When Ford isn't touring, he's likely to be recording, although he says his family (which also includes five sons and two grandchildren) is his first priority. It's quite a life for someone who once gave up a career in music altogether. A native of Lubbock, Texas, Ford released his first record when he was a teen-ager. After studying music in college, he joined the Dixie Echoes, a gospel group in Pensacola. Then he met Sherryl, a Southwest Florida native who was also a gospel performer. Usually low-key and deliberate, Ford gets animated when he's talking about the subjects that inspire him-his religion, his music, and most of all, Sherryl. After he and Sherryl began their family, the couple left the music business and Ford became and became a pastor at churches in Texas and Florida. Then he got a call from James Blackwood.
A member of Blackwood's group was ill, and the singer asked Ford if he would step in. Ford said he'd help out until they found someone else.

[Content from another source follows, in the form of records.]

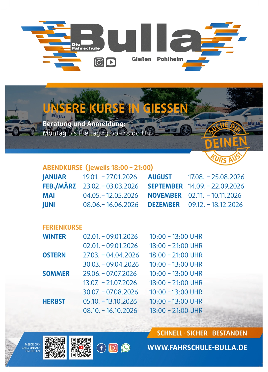 Die Fahrschule Bulla ist bereits seit über 50 Jahren ein Begriff in Sachen Führerschein in Gießen und Umgebung.
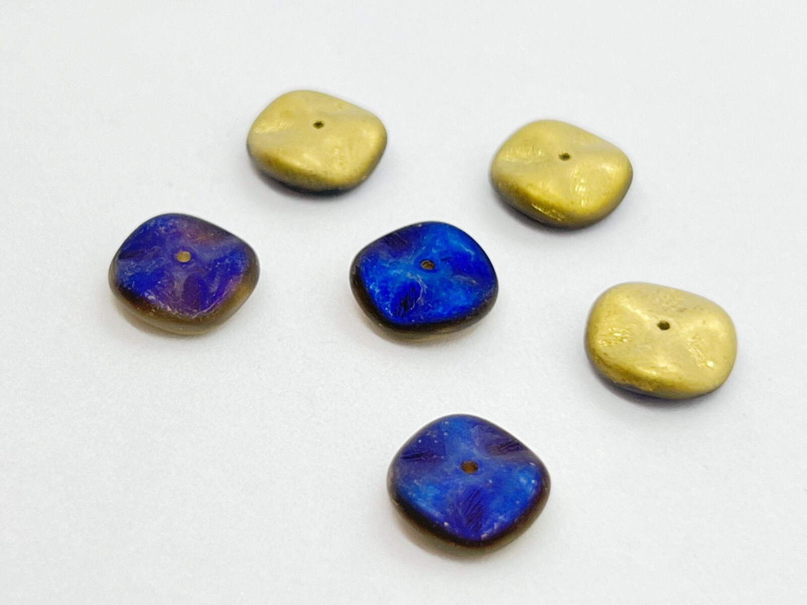 色味は不透明でくすんだブルー、片面の色味はゴールドとなっています。
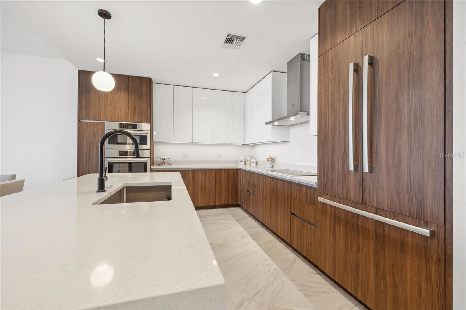 Step inside and discover soaring 9.5-foot ceilings, gleaming porcelain tile floors, and a stunning chef’s kitchen featuring sleek quartz countertops, a waterfall island, and high-end Bosch panel-ready stainless steel appliances.
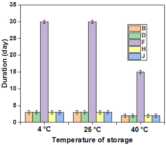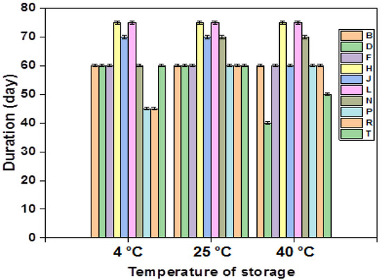 All multiple emulsions formulations (F1–F10) were subjected to stability tests at different temperatures (4 °C, 25 °C, and 40 °C); the results are presented in the figure (Figure 3).
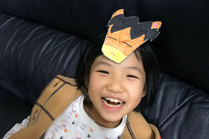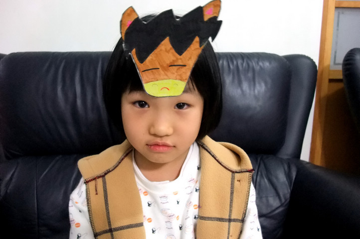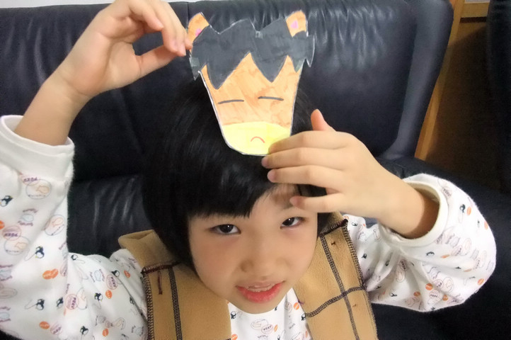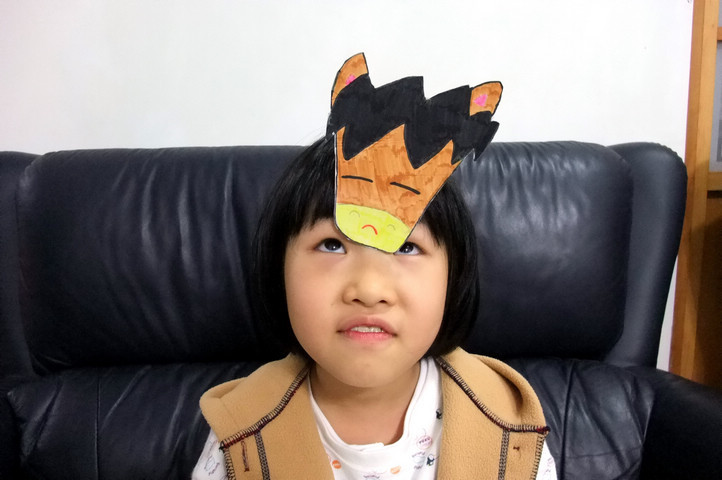 「就是像這樣戴在頭上,然後到別的班上去表演的!」:Wendy 說。
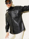 Göğüs Cepli Çıtçıt Düğmeli Deri Gömlek Siyah
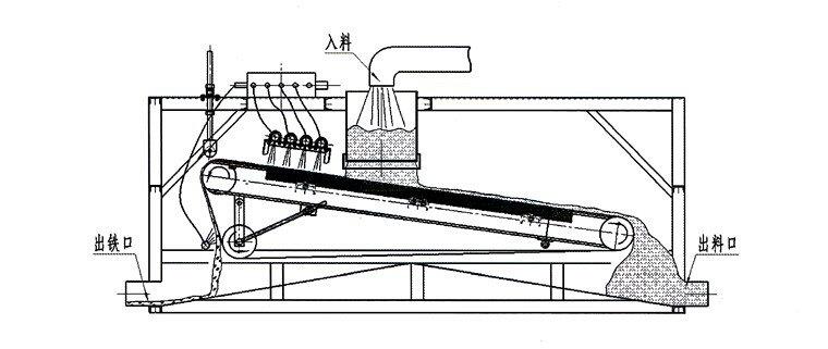 平板式磁選機(jī)(平板除鐵器),包括機(jī)架,機(jī)架上設(shè)有磁選機(jī)構(gòu)、張緊機(jī)構(gòu)、供水系統(tǒng)和勻料裝置,勻料裝置位于磁選斜面的低側(cè)與供水系統(tǒng)之間的輸送帶部分的上方,勻料裝置包括上下設(shè)置的勻料層,每個(gè)勻料層包括帶落料網(wǎng)孔的底部和設(shè)在底部周邊的擋料板,落料網(wǎng)孔均勻分布在勻料層的底部,擋料板首尾連接圍成接料口,落料網(wǎng)孔的孔徑與礦料的大小相應(yīng)的勻水裝置,包括位于磁選斜面的上方與沖料進(jìn)水管相接的噴淋管,噴淋管的正下方設(shè)有底部帶均勻通水孔的淋水器,噴淋管向下開有若干噴淋孔。
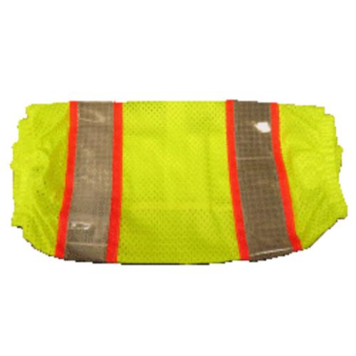 Safety Leggings PDR made of 3.4-oz. per sq. yd. Yellow green soft fluorescent polyester mesh with (2) 2" Reflexite silver reflective trim edged on each side with 1/2" soft polyester mesh fabric in red orange. Meets ANSI/ISEA 107-2015 standard Class E.

"One month ended up being two, and two months ended up being three and four, and then a year. Nine years later, I was still singing with them," Ford says. When Blackwood was in frail health, Ford accompanied him to the taping of one of the first Gaither videos. Producer Bill Gaither wasn't familiar with Ford's work, but plenty of the Southern gospel stars at the taping were, and they urged Gaither to invite him onstage.. That was more than a decade ago. Today his taped appearances and live concerts draw heartfelt fan mail to his office near downtown Fort Myers.
As widely known as he is, Ford is not the only famous member of his family. Brother Bruce, a seasonal Naples resident, is an opera tenor whom the BBC calls "one of the finest singers of his generation." Larry, an opera buff himself, says, "We've gone in such different directions, musically, but when I go to London, people ask me if I have a brother who sings in the opera, and when he comes to Dallas or Chicago, they ask him if he has a brother who sings gospel music."
Although he loves the traditional Southern gospel that he and his brother grew up singing, Ford enjoys working with newer and more vocally challenging material. Currently he is rerecording his latest CD in Spanish, his concerts in South and Central America having let him know there is a market for such work. His latest release, available this month, is We Are America, recorded after Ford's performance of the Star Spangled Banner at a Boston Red Sox spring training game in Fort Myers led to numerous requests for a recorded version. "It's patriotic songs with spiritual overtones and spiritual songs with patriotic overtones," he says. "We want to find a way to reach out to the crowd that might not hear us in church."